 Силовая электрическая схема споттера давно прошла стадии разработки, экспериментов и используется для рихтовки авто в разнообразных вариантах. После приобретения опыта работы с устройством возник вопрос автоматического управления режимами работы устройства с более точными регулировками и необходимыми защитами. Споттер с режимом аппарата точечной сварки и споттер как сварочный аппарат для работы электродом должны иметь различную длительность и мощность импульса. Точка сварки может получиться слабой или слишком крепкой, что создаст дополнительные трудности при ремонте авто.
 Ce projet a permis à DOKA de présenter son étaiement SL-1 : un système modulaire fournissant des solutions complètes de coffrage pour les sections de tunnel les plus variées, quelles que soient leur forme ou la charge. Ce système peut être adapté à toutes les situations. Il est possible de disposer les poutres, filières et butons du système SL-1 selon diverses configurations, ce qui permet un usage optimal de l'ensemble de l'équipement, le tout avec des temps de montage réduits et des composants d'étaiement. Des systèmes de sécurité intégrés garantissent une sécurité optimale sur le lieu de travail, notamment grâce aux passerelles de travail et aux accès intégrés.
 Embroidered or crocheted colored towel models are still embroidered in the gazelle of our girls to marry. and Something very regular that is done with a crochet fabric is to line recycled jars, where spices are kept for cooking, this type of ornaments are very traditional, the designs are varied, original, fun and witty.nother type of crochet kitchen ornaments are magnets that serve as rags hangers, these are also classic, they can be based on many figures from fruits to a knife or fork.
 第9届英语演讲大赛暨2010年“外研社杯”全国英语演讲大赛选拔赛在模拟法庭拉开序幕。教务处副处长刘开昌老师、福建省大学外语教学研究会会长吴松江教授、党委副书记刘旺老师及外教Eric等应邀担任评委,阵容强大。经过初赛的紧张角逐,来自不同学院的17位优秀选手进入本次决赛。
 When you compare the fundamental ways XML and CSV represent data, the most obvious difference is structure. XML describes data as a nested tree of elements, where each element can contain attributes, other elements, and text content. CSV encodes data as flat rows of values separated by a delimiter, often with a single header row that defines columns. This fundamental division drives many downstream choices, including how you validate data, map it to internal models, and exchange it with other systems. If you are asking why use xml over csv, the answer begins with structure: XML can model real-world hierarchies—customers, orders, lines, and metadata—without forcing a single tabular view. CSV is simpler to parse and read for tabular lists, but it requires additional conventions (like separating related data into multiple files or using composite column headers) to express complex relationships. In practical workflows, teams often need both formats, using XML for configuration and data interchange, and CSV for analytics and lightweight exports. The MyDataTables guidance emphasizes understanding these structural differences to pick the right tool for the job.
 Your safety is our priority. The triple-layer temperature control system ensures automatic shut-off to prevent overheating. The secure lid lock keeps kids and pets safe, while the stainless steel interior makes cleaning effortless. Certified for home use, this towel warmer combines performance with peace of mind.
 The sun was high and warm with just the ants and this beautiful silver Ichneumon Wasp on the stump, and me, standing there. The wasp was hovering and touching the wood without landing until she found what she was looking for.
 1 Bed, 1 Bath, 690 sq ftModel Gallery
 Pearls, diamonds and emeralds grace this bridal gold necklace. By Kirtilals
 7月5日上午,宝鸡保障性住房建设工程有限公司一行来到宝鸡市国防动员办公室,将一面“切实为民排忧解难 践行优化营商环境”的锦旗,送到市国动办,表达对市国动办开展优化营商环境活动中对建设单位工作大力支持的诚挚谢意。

*What the exercise asks*
In the material above, find every line with the word "towel" and show it.

*The completed task*
 Embroidered or crocheted colored towel models are still embroidered in the gazelle of our girls to marry. and Something very regular that is done with a crochet fabric is to line recycled jars, where spices are kept for cooking, this type of ornaments are very traditional, the designs are varied, original, fun and witty.nother type of crochet kitchen ornaments are magnets that serve as rags hangers, these are also classic, they can be based on many figures from fruits to a knife or fork.
 Your safety is our priority. The triple-layer temperature control system ensures automatic shut-off to prevent overheating. The secure lid lock keeps kids and pets safe, while the stainless steel interior makes cleaning effortless. Certified for home use, this towel warmer combines performance with peace of mind.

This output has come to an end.